Landing Requirements
SHIPS*
Max pax on board: 500
Ships per day: 2
Comments: * A ship is defined as a vessel which carries more than 12 passengers.
VISITORS
Curfew time period (from/to), in order to establish a rest period for wildlife: 22:00-04:00
Comments: No more than 30 visitors at any time, exclusive of expedition guides and leaders. However, this is principally a small boat cruising site with occasional opportunistic landings at low tide.
If landing, see Landing Area guidance below.
 
Visitor Area
LANDING AREA
Landings are often prohibited by the local conditions, and need to be considered on an opportunistic basis, usually with no more than one small boat at a time, depending on sea state, weather conditions and presence of wildlife.
CLOSED AREA
None.
GUIDED WALKING AREA
If setting foot ashore this should be done in small, closely guided groups (of up to 15 visitors) avoiding disturbing any wildlife present.
FREE ROAMING AREA
None.
 
 
Visitor code of conduct
BEHAVIOUR ASHORE
  • All visits are to be conducted in accordance with the General Guidelines for Visitors to the Antarctic.
  • If a historic artifact is found, draw it to the attention of a guide: do not disturb or remove it.
  • Artefacts should not be handled or removed from the site.
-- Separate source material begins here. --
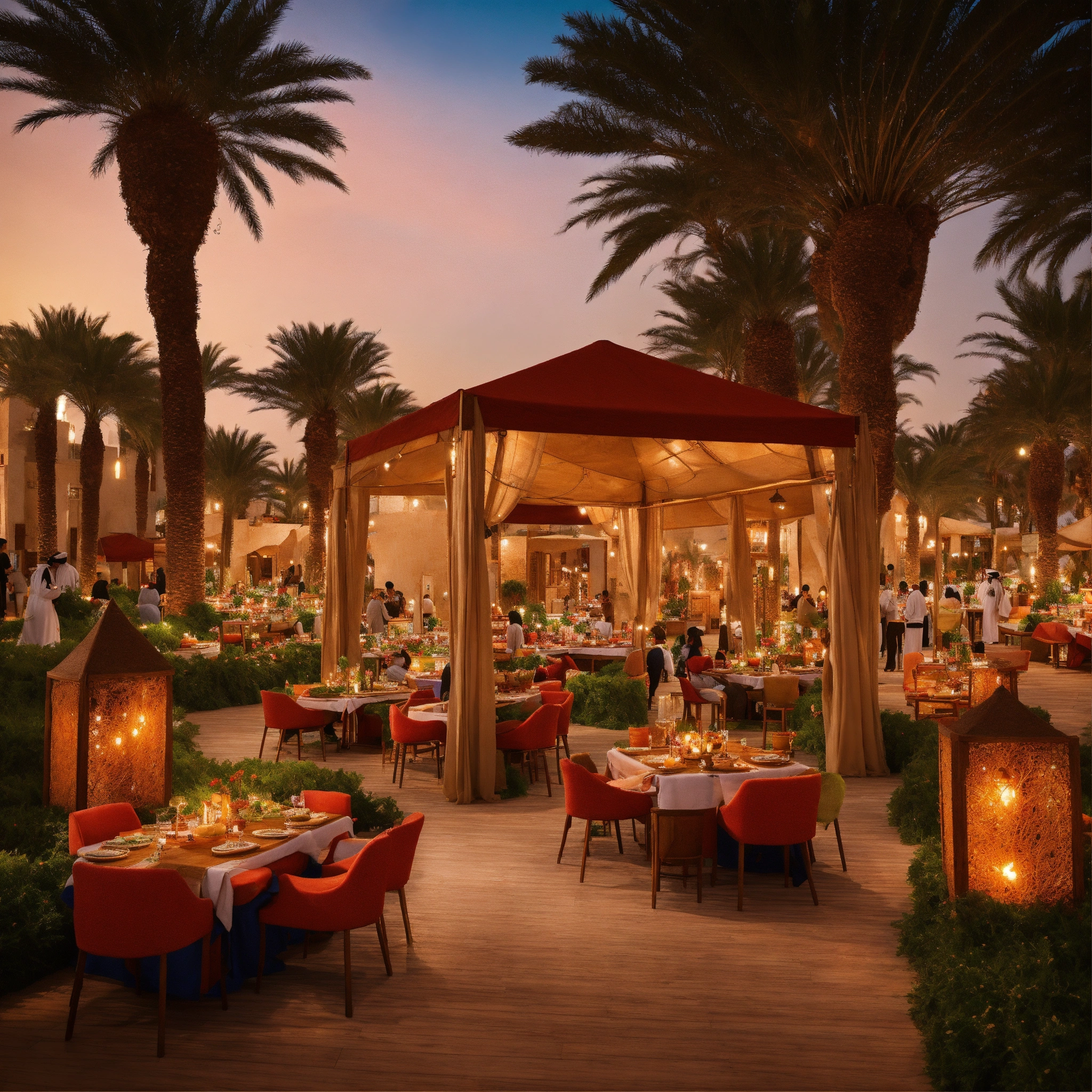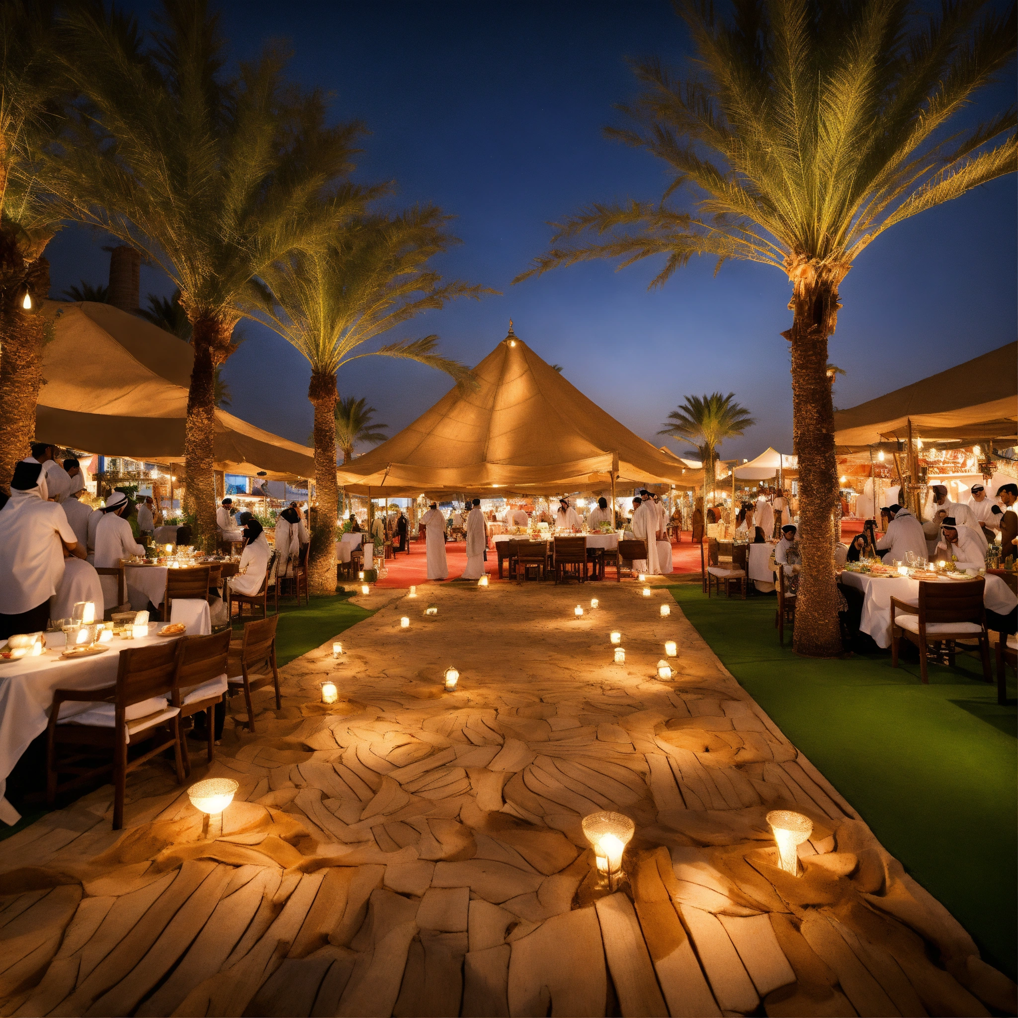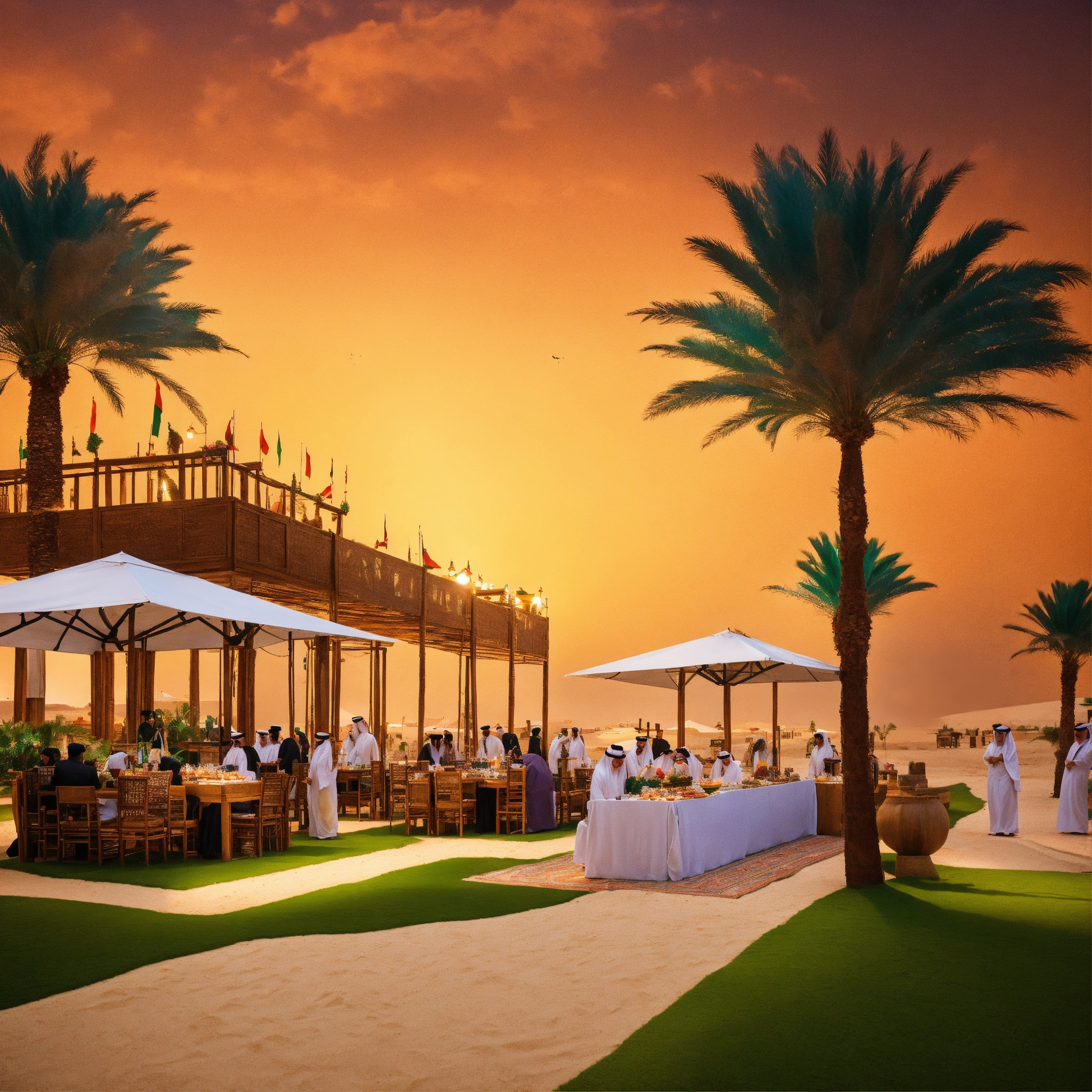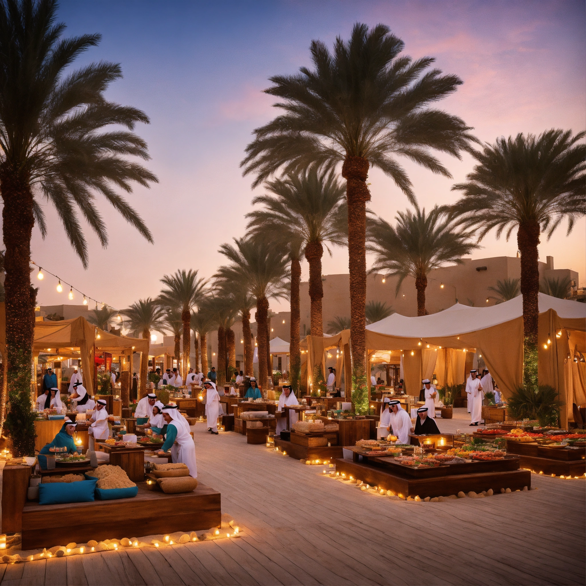 Visualize a vibrant scene at the 'taste of bahrain' food festival, where traditional bahraini flavors and global influences merge. the setting resembles an arabian oasis with palm trees, set on a landscape-inspired flooring of sand, faux grass, and wooden decking. envision a culinary adventure that transcends boundaries."

Do not sit on chairs or other furniture, or lay objects down on tables or work surfaces.
COMMENTS
The rock outcrop at the southern part of the point, and the isthmus accessible at low tide connecting the point to the main island.
CAUTIONARY NOTES
Small boat drivers should be aware of submerged rocks and foul waters surrounding the point, in particular to the north and along the eastern shores. Be aware that glacier or iceberg calving may produce dangerous waves.